Total power spectral density measurements of systolic blood pressure and heart rate following nitrate-depleted (placebo) and nitrate-rich beetroot juice ingestion.

Variable	LO-NI			HI-NI			2-Way ANOVA
	PRE	3 h POST	6 h POST	PRE	3 h POST	6 h POST	Time	Treatment	Time × Treatment
SBP variability, VLF, mmHg2	29.1 ± 4.7	26.6 ± 7.5	28.6 ± 8.1	29.9 ± 5.5	33.0 ± 10.5	27.6 ± 5.1	0.530	0.368	0.065
SBP variability, LF, mmHg2	24.7 ± 9.4	25.5 ± 7.1	26.7 ± 8.4	28.3 ± 9.9	31.5 ± 11.3	27.3 ± 8.1	0.578	0.258	0.389
SBP variability, HF, mmHg2	24.9 ± 9.2	24.6 ± 5.9	26.4 ± 9.2	26.2 ± 8.2	28.3 ± 11.7	24.5 ± 7.9	0.820	0.740	0.270
Heart rate, beats/min	68.9 ± 4.5	71.3 ± 8.4	69.8 ± 7.8	70.0 ± 6.8	73.7 ± 7.7	71.7 ± 7.4	0.059	0.499	0.857

Data indicated as mean values ± standard deviation (SD), n = 12. LO-NI, low-nitrate beetroot juice; HI-NI, high-nitrate beetroot juice; SBP, systolic blood pressure; VLF, very low frequency; LF, low frequency; HF, high frequency; PRE, pre-ingestion (baseline); 3 h POST, 3 h post-ingestion; 6 h POST, 6 h post-ingestion.

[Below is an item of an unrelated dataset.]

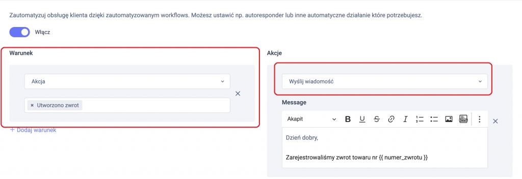 Dodatkowo, możesz ustawić akcję informującą Twojego klienta o zarejestrowaniu zwrotu lub reklamacji, w treści wiadomości wprowadź {{ numer_zwrotu }} aby system automatycznie dodał numer zwrotu w notyfikacji do klienta: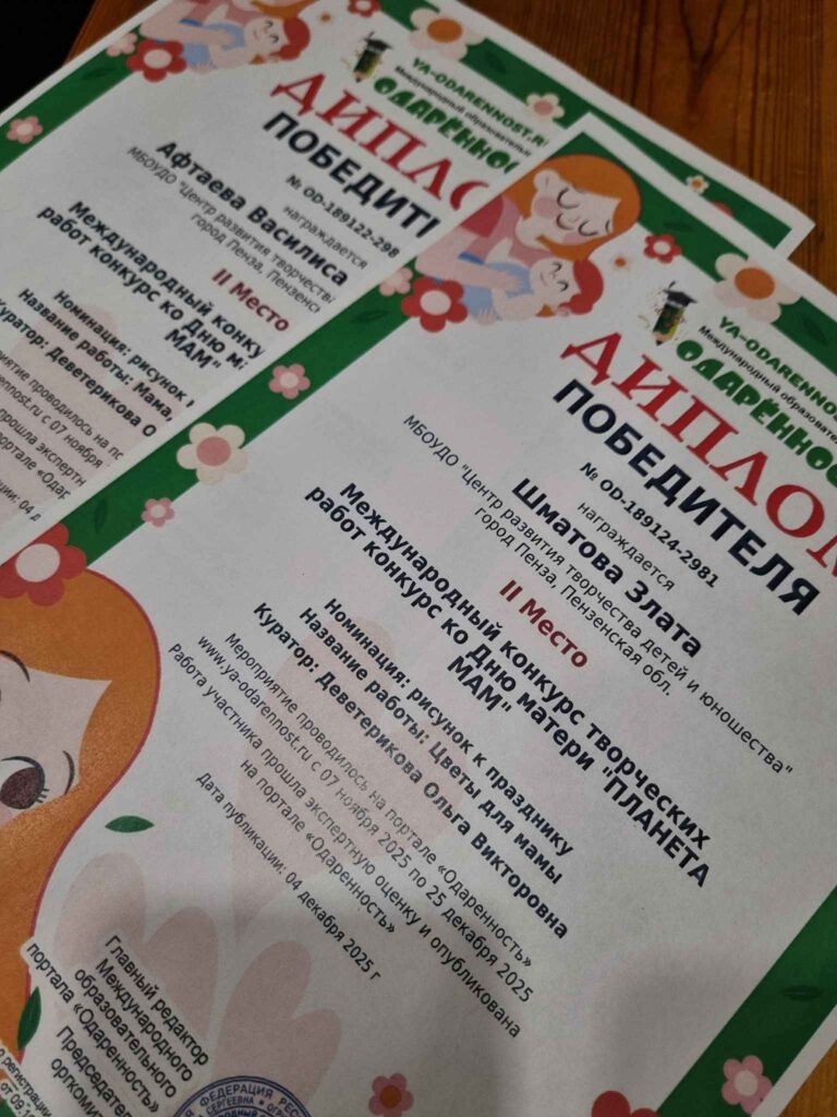 Ученицы детского объединения «Палитра творчества» приняли участие в дистанционном Международном конкурсе творческих работ ко Дню матери «ПЛАНЕТА МАМ».

3.3. Granulocyte-Platelet and Monocyte-Platelet Aggregation

There was no significant difference in GPA (Figure 4A). Whereas no interaction effect was observed between the trials, an overall effect of time on MPA levels in whole blood was observed following both the LO-NI and the HI-NI trial (p < 0.01) (Figure 4C). Furthermore, the percentage of MPA significantly decreased (p < 0.05) at 3 h post-ingestion compared to baseline following ingestion of HI-NI beetroot juice (Figure 4C).

Figure 4

Leukocyte flow cytometry analysis of: blood granulocytes (A,B); and monocytes (C,D). Percentage (%): CD16+CD14− granulocyte-platelet aggregates (GPA) (A); and CD14+ monocyte-platelet aggregates (MPA) (C). Relative expression of Mac-1/αM integrin (CD11b+) on: granulocytes (B); and monocytes (D), shown as median fluorescence intensity (MFI). Data expressed as mean ± standard deviation (SD), n = 12. Two-way ANOVA demonstrated a main effect of time and over the 0, 3 and 6 h time-course for MPA (p < 0.05) and granulocyte MFI (p < 0.01), with * significant (p < 0.05) and ** significant (p < 0.01) changes compared to pre-ingestion baseline (PRE) using Bonferroni’s post hoc analysis.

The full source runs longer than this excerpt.